I think a strategy should be formed around the main framework of an organization, making minor changes if needed. Radical change is often an unneeded risk, and should only be attempted if accompanied by the most creative or innovative of strategies. Strategy and structure should be seen synonymously, neither given precedence over the other. In search of the most creative and innovative strategy some firms forget the point of it in the first place. Take Xerox, who had a huge net-worth relative to Hewlett Packard in 1973 from its photocopying empire.

However as time Xerox rejected countless possible products and idea in search of a strategy that was as innovative as the one that first created the empire. During this time, Hewlett Packard had tried producing many smaller inventions and ended up making much more profits. Firms should not spend too much time looking for the perfect strategy and forget to act. Eventually a firm cares only about success and not the strategy that got it there. This is not to say that strategy is inconsequential, but that firms should always approach strategy logically.

Even in the most deliberate plan if something is obviously wrong it would be foolish not to change it. Firms should act intelligently without using their strategy as some kind of bible. In the end a lot of success was not a result of strategy. It is too easy to look at wonderful success stories like Honda or Hewlett Packard and believe that their strategy is the path to riches.

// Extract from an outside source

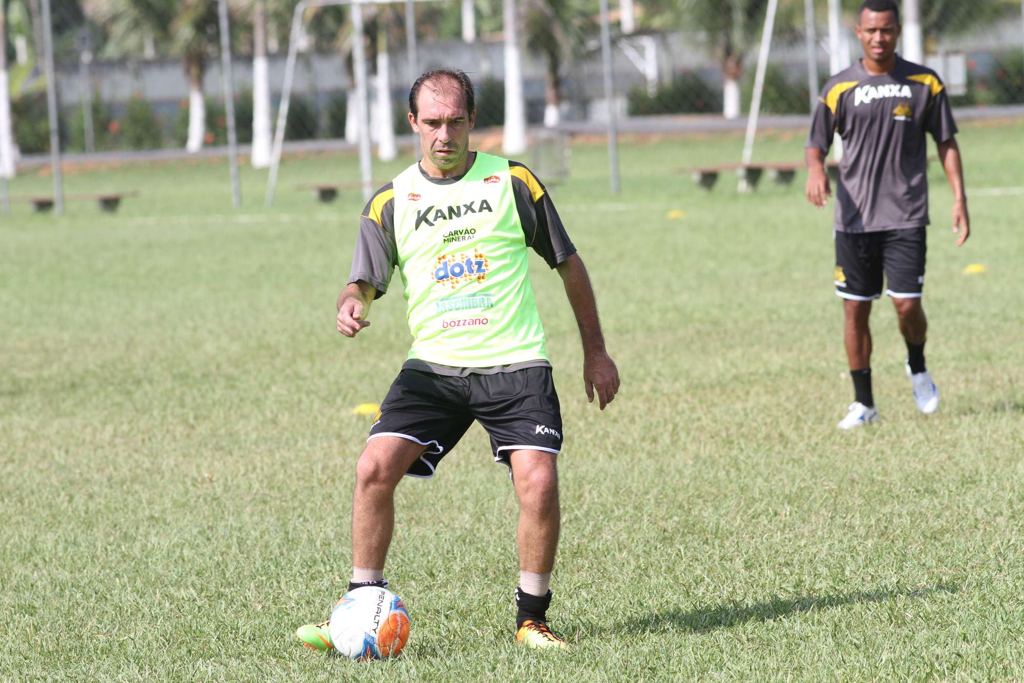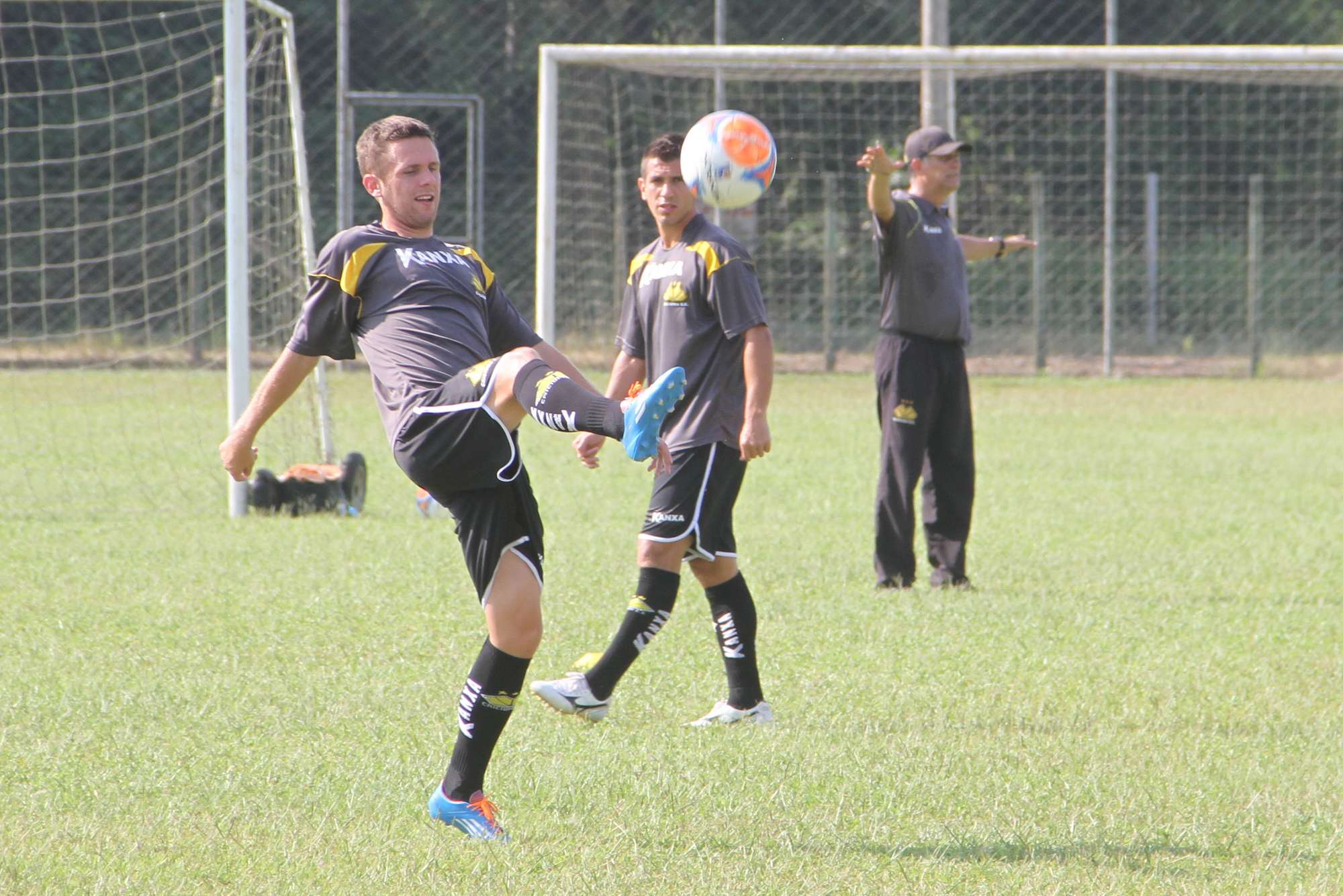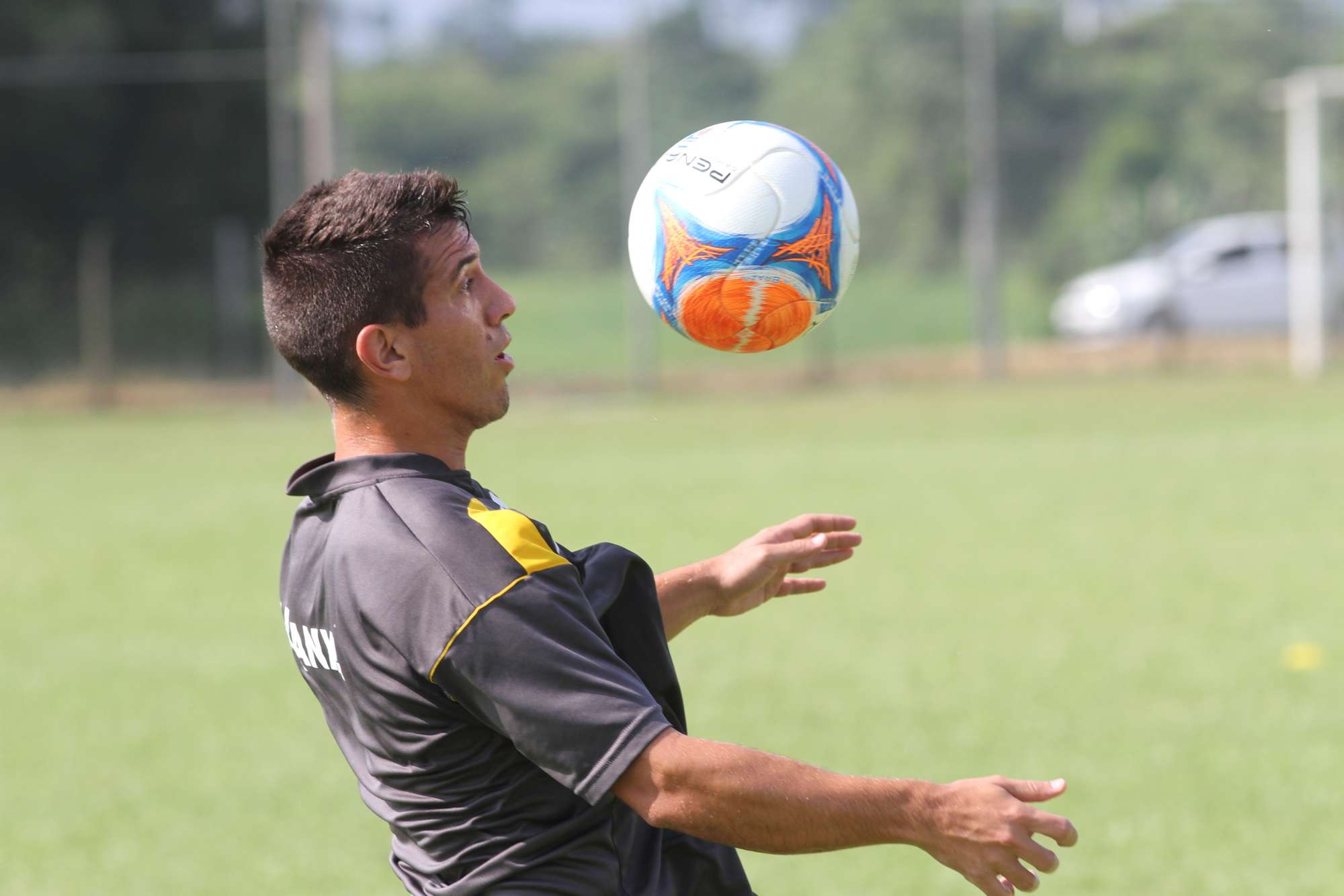 Legenda: Volante Serginho durante treino do Criciúma na Associação Atlética e Cultural Altona, em Blumenau, na manhã deste sábado (08/02)

Although many scholars would like to admit otherwise, luck is often the final hurdle for any strategy rather good or bad. Honda found them in a market where they could monopolize and demand was high from a change in trend.

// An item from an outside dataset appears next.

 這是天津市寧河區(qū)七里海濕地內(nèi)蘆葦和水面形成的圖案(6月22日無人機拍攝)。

Another firm trying the same strategy would get vastly different results. Hence their success cannot be used as a proof of the strategy. Strategy formation should not consider every variable to work out the exact outcome but instead attempt to swing probability in the firms favour. Take a situation where a striker in football is waiting for a cross. He positions himself where he is most likely to get it, but has no guarantee that it will ever reach him. A firm needs to find the most favourable position for achieving its goals, but ultimately it can only sit back and hope for the best.